Directions for this task.
No image is to be carried over; reproduce the rest of the listing word for word.

Dataset extract.
▬▬▬▬▬▬▬▬▬▬

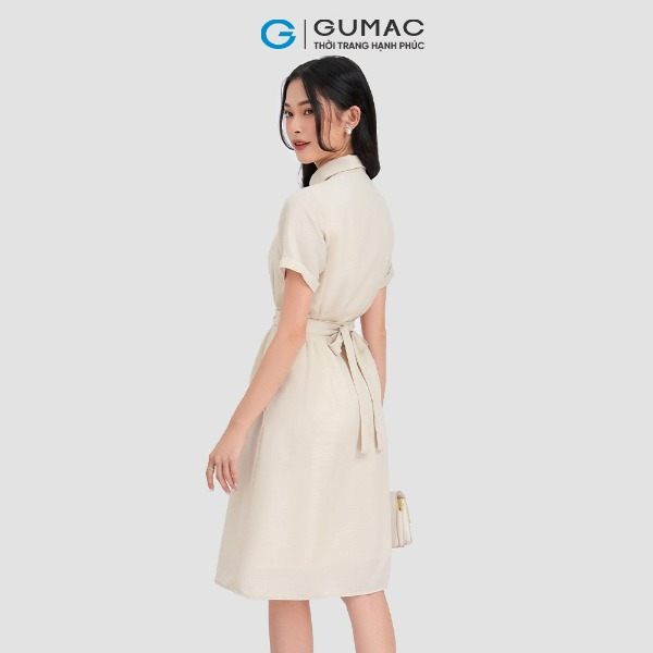Đầm công sở nữ cổ U xếp eo thời trang GUMAC dáng ôm
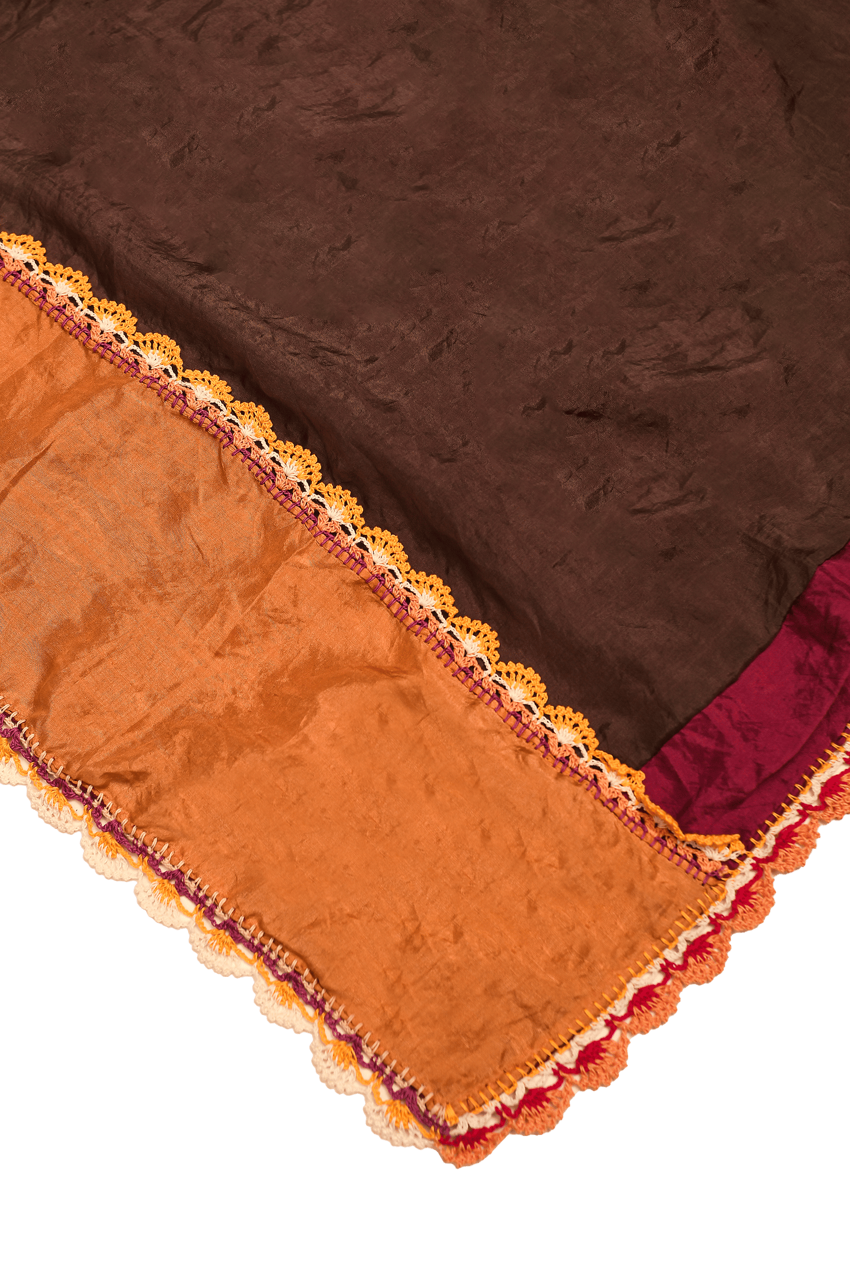 Handwoven silk originates from Murshidabad, India, reflecting our commitment to sustainability. The silk is dyed with a Zapotec community in Oaxaca, Mexico, using four locally sourced plants – Pericon, Añil, Grana Cochinilla, and Palo de Brasil. Additionally, the mountain water from Sierra Norte enhances the colors, making them incredibly crisp and clear.
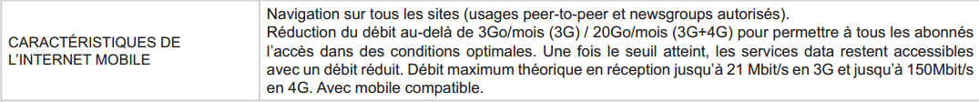 On y retrouve bien entendu les nouvelles fonctionnalités de la 4G, les conditions de couvertures, un débit théorique maximum de 150 Mbits. Cependant, l’opérateur a également modifié les caractéristiques de sa 3G. En effet, si jusqu’à présent le débit théorique maximum de la 3G de Free était de 14 Mbits, il passe désormais à 21 Mbits ce qui correspond à de la 3G++ aussi appelée HSPA+.

▬▬▬▬▬▬▬▬▬▬

Result of this task.
Đầm công sở nữ cổ U xếp eo thời trang GUMAC dáng ôm
 Handwoven silk originates from Murshidabad, India, reflecting our commitment to sustainability. The silk is dyed with a Zapotec community in Oaxaca, Mexico, using four locally sourced plants – Pericon, Añil, Grana Cochinilla, and Palo de Brasil. Additionally, the mountain water from Sierra Norte enhances the colors, making them incredibly crisp and clear.
 On y retrouve bien entendu les nouvelles fonctionnalités de la 4G, les conditions de couvertures, un débit théorique maximum de 150 Mbits. Cependant, l’opérateur a également modifié les caractéristiques de sa 3G. En effet, si jusqu’à présent le débit théorique maximum de la 3G de Free était de 14 Mbits, il passe désormais à 21 Mbits ce qui correspond à de la 3G++ aussi appelée HSPA+.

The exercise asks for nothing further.